4.5 Potential molecular mechanisms of CUR against osteoporosis
This study summarizes CUR's therapeutic effects in animal osteoporosis models through a meta-analysis and further explores its potential molecular mechanisms. The included literature shows that CUR exerts its anti-osteoporosis effect through multiple signaling pathways.
4.5.1 OPG/RANKL signaling pathway
CUR exerts its anti-osteoporosis effect by upregulating osteoprotegerin (OPG) expression and inhibiting the level of nuclear factor κB receptor activator ligand (RANKL), thereby increasing the OPG/RANKL ratio, reducing osteoclastogenesis and activity, and protecting the structural integrity of bone trabeculae (33).
4.5.2 Wnt/β-catenin signaling pathway
CUR promotes osteoblast differentiation and mineralization by reducing the inhibitory effect of oxidative stress on the Wnt/β-catenin signal, maintaining the dynamic balance of bone formation (31). In addition, CUR can also enhance the proliferation and differentiation of osteoblasts by downregulating the expression of Enhancer of Zeste Homolog 2 (EZH2) and relieving its inhibitory effect on the Wnt/β-catenin pathway (41). This mechanism provides a new molecular target for CUR's anti-osteoporosis effect.
4.5.3 miR-365/MMP-9 regulatory axis
Studies have found that CUR can regulate specific microRNAs by upregulating miR-365 and inhibiting the expression of matrix metalloproteinase-9 (MMP-9), thereby reducing osteoclast activity and bone matrix degradation (33).
4.5.4 NF-κB signaling pathway
CUR is a natural inhibitor of the Nuclear Factor kappa-light-chain-enhancer of activated B cells (NF-κB) signaling pathway (56).

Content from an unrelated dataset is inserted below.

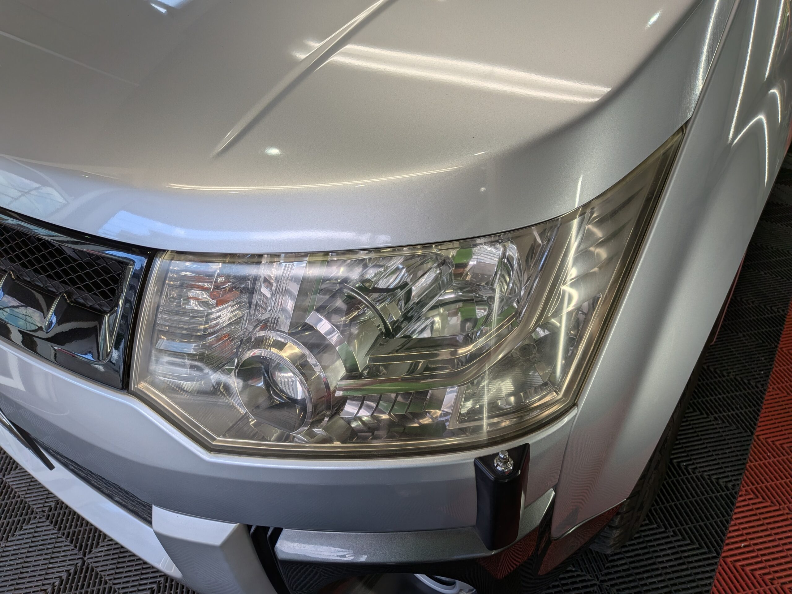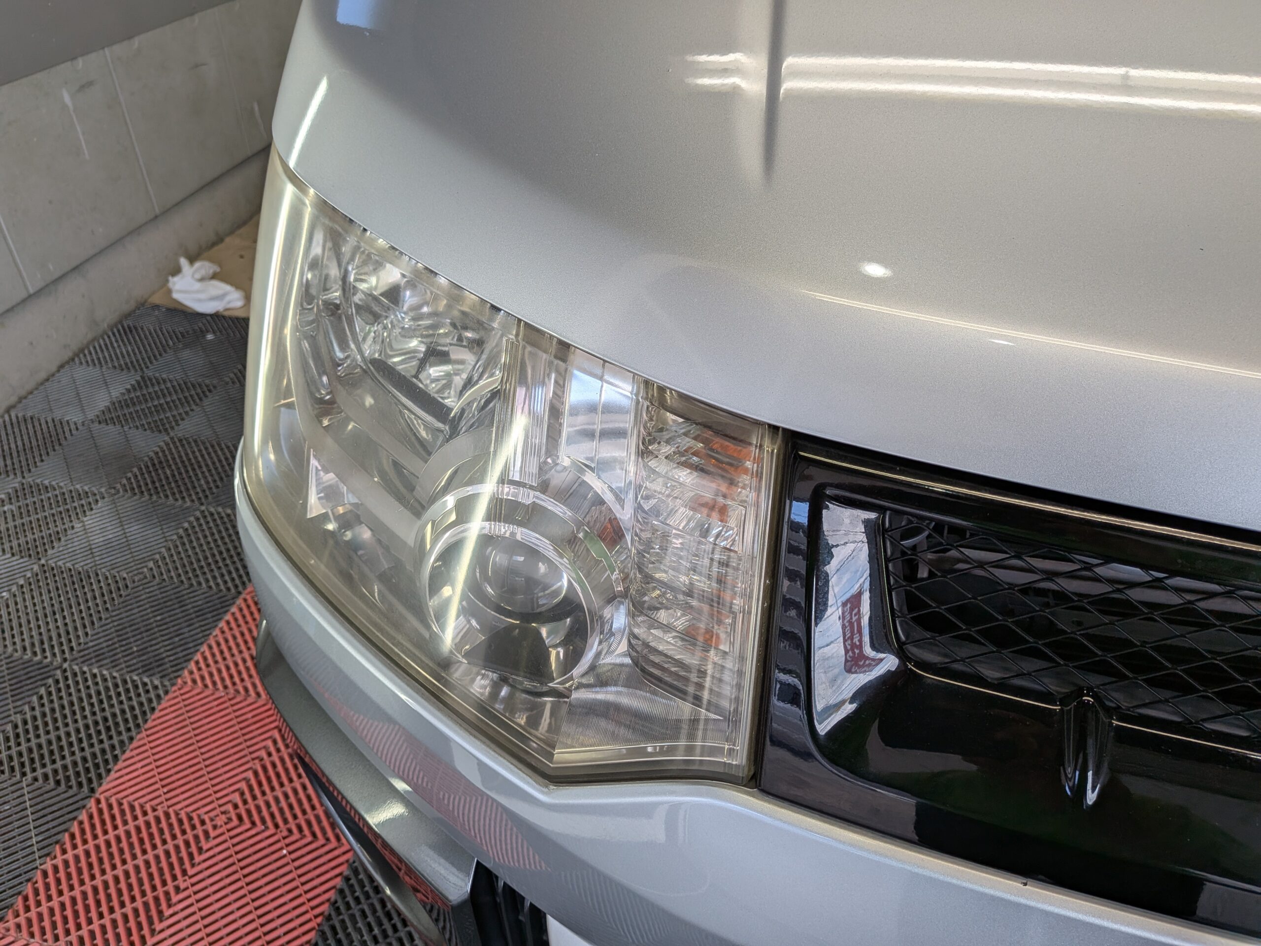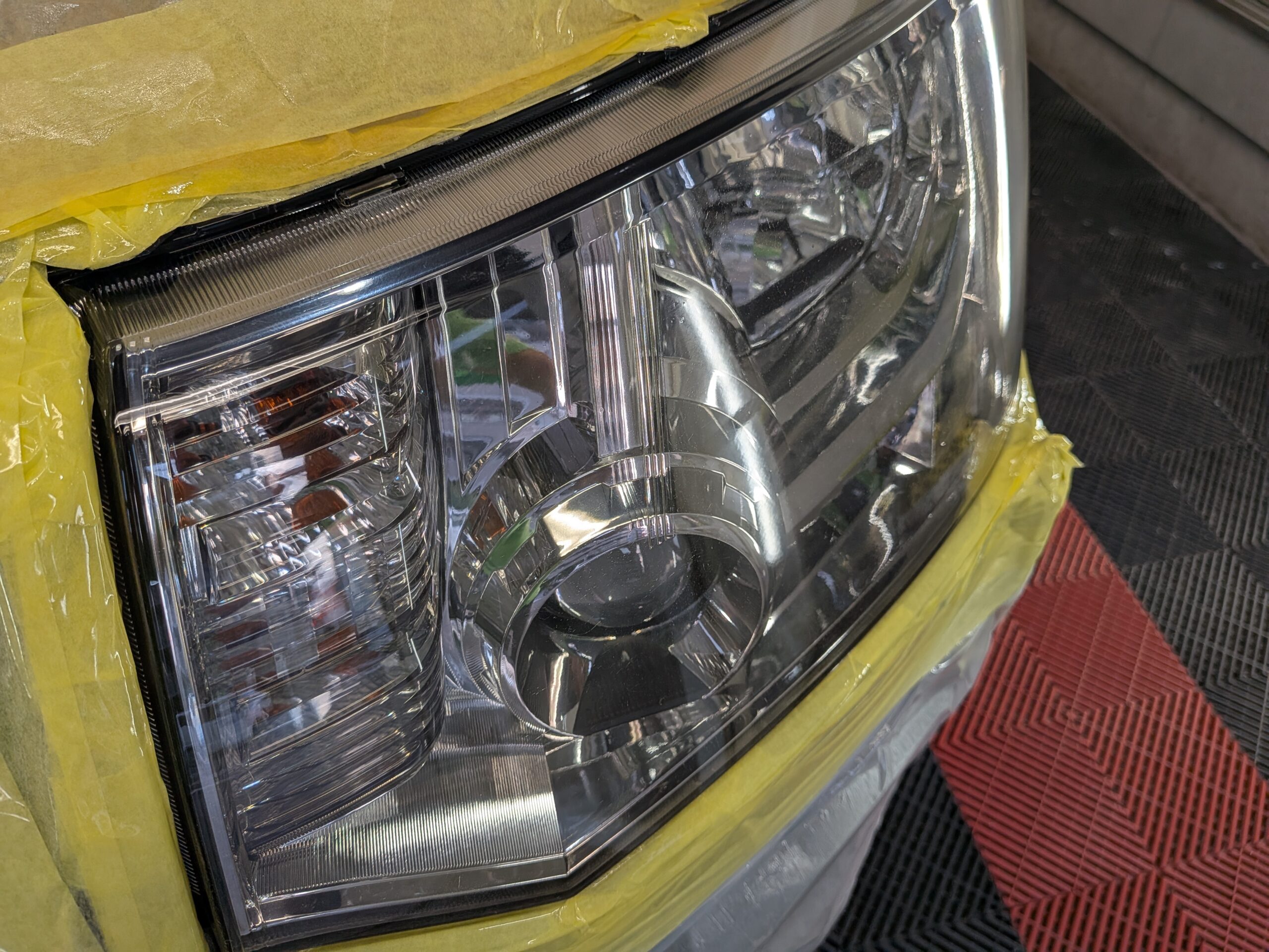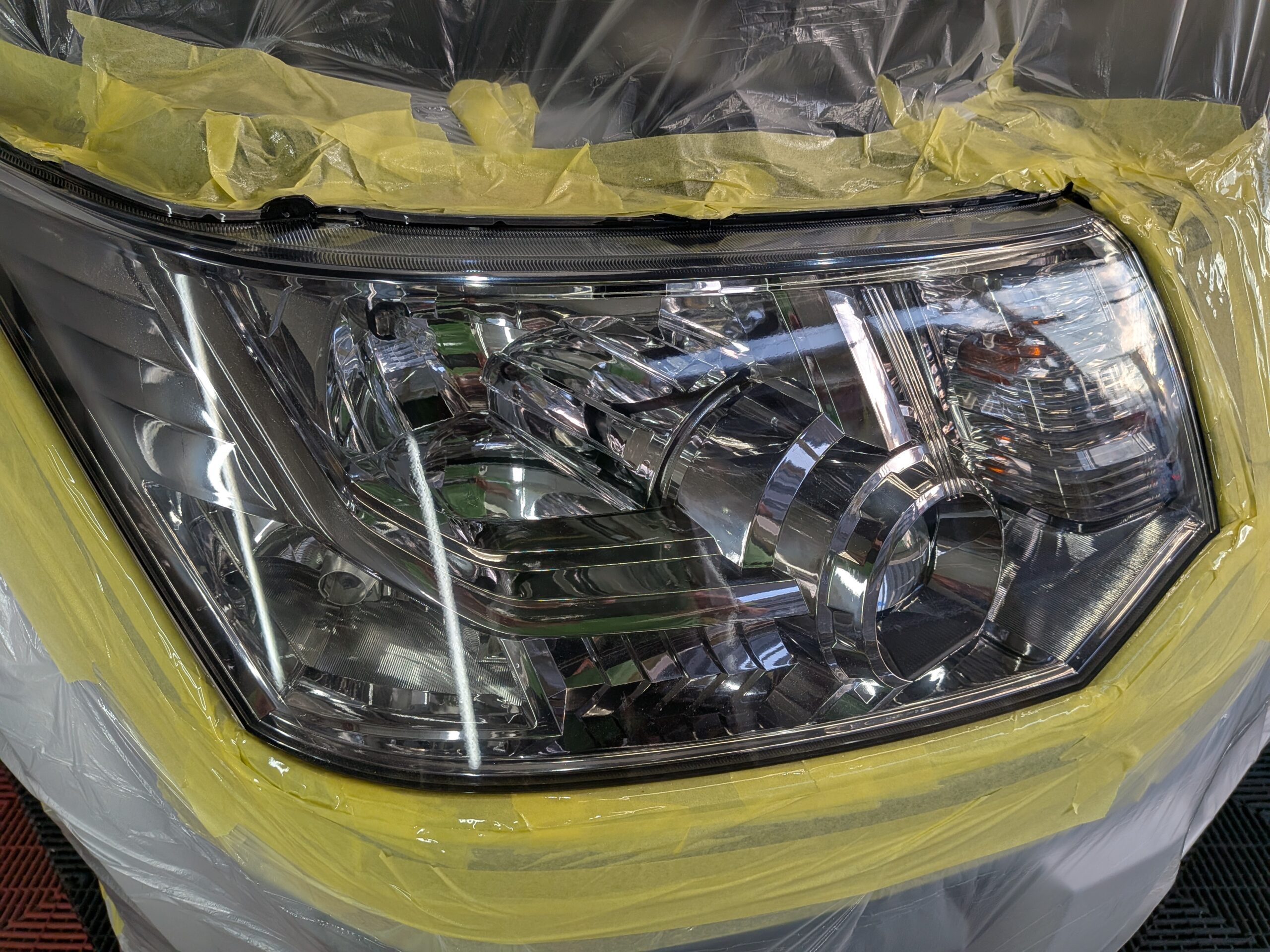 クラック(キズ、き裂)は深く削り過ぎると、クラックそのもの自体の拡散、ポリカ自体の”張り”の減少で今後のライト光線のゆがみ、車検項目の光軸の不安定のリスクなどがでてきますので、今回施工は、黄ばみとムラ感はなくして段差もなくして、厚い保護層を施しまして今後の外からの劣化を極力ないようにさせていただきます

It may decrease the expression levels of crucial molecules in the NF-κB signaling pathway, including IκB-α degradation and p65 phosphorylation, thereby inhibiting osteoclast differentiation and activity and alleviating the adverse effects of inflammation and oxidative stress on bone formation (42, 45).

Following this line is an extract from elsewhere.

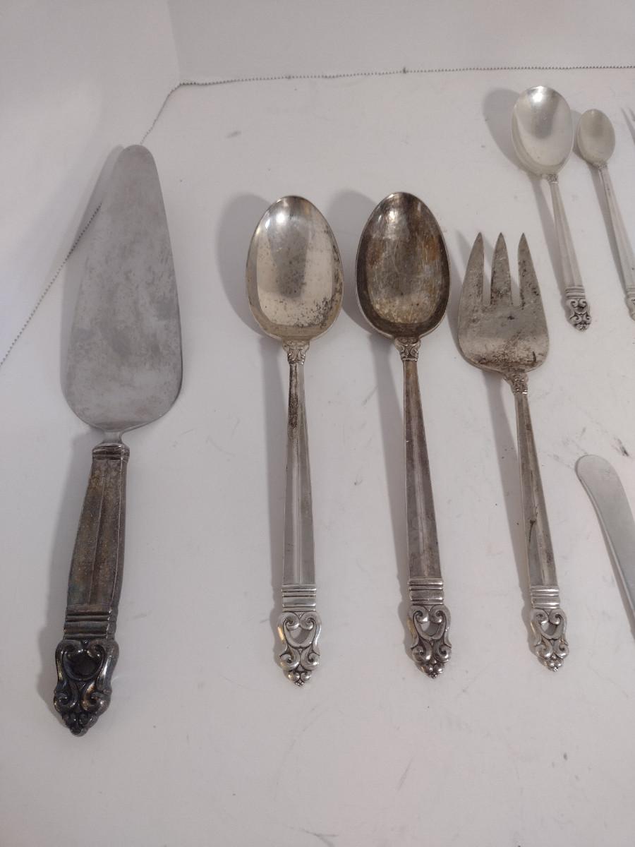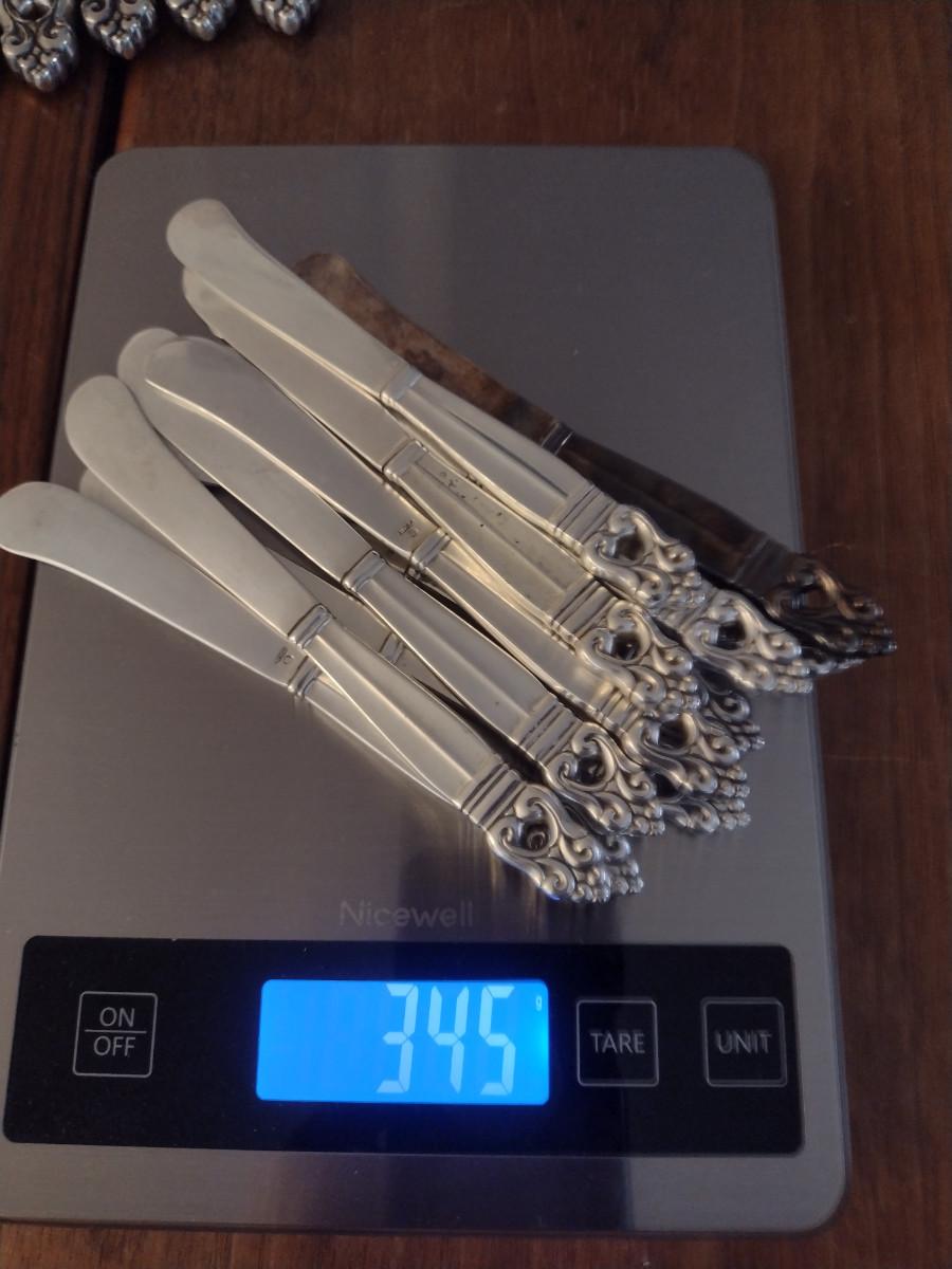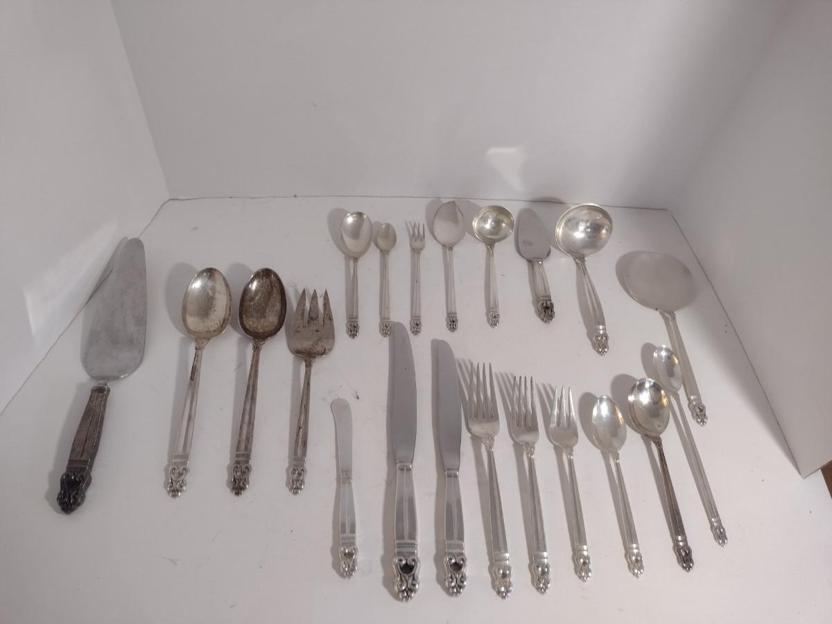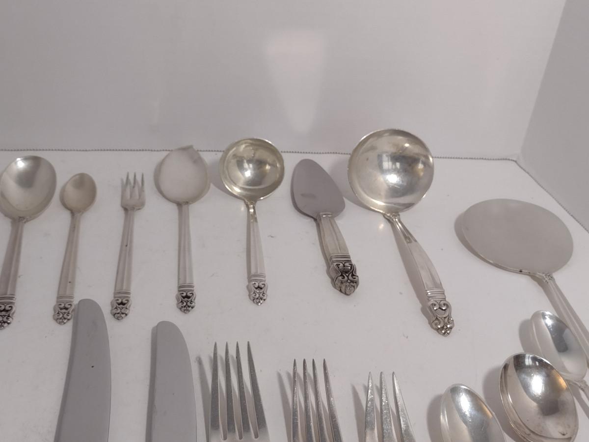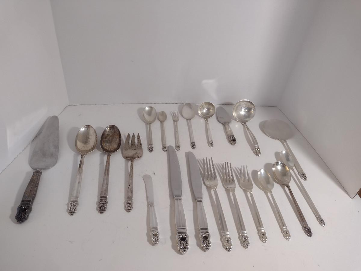 Royal Danish International Sterling Silver Flatware- Approx 104 Pieces and Total Weight 3,944 Grams. Pieces included: dinner knife- 11, luncheon knife- 5, dinner fork- 12, luncheon fork- 4, salad fork- 12, cocktail fork- 5, regular place spoon- 26, long iced tea spoon- 4, soup spoon- 2, butter spreader- 12, large vegetable serving spoon- 2, medium meat serving fork- 1, pie server- 1, cheese server- 1, cream ladle- 1, gravy ladle- 1, tomato server- 1, sugar spoon- 1, baby spoon- 1, jelly server spoon- 1. Total weight shown does not include dinner knives, luncheon knives, pie server, or cheese server because they have stainless steel blades. Items are in used, vintage condition and some have discoloration/tarnish.

4.5.5 MAPK signaling pathway
CUR plays an important role in the treatment of osteoporosis by regulating Extracellular Signal-Regulated Kinase (ERK), c-Jun N-terminal Kinase (JNK), and p38 in the Mitogen-Activated Protein Kinase (MAPK) signaling pathway. CUR inhibits the activation of RANKL signals, reduces the phosphorylation levels of ERK, JNK, and p38, and thus inhibits the differentiation and activity of osteoclasts (29). In addition, it has been found that CUR activates the ERK pathway by upregulating the expression of p-ERK1/2, a process that is associated with apoptosis. In particular, CUR significantly inhibited Dex-induced osteoblast apoptosis in a glucocorticoid (Dex)-induced osteoporosis model (35).

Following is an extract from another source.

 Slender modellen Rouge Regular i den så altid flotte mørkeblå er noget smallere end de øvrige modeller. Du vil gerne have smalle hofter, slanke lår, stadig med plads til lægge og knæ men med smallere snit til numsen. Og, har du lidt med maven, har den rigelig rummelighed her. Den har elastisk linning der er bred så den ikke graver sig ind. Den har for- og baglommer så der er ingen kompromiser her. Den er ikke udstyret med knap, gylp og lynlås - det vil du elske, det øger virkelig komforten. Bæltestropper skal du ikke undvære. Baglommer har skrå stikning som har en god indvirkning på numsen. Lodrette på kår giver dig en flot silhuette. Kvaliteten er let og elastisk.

4.5.6 TGF-β/Smad2/3 signaling pathway
CUR promotes osteoblast differentiation and matrix mineralization by enhancing the activity of the Transforming Growth Factor Beta (TGF-β)/Smad Family Member 2/3 (Smad2/3) signaling pathway, thereby improving the disordered trabecular bone structure caused by osteoporosis (40).
4.5.7 Autophagy and JNK-BCL2-Beclin1 signaling pathway
CUR can regulate autophagy-related signaling pathways, including the JNK-BCL2-Beclin1 axis, promote intracellular waste removal, and protect osteoblasts from oxidative stress and inflammatory damage (44).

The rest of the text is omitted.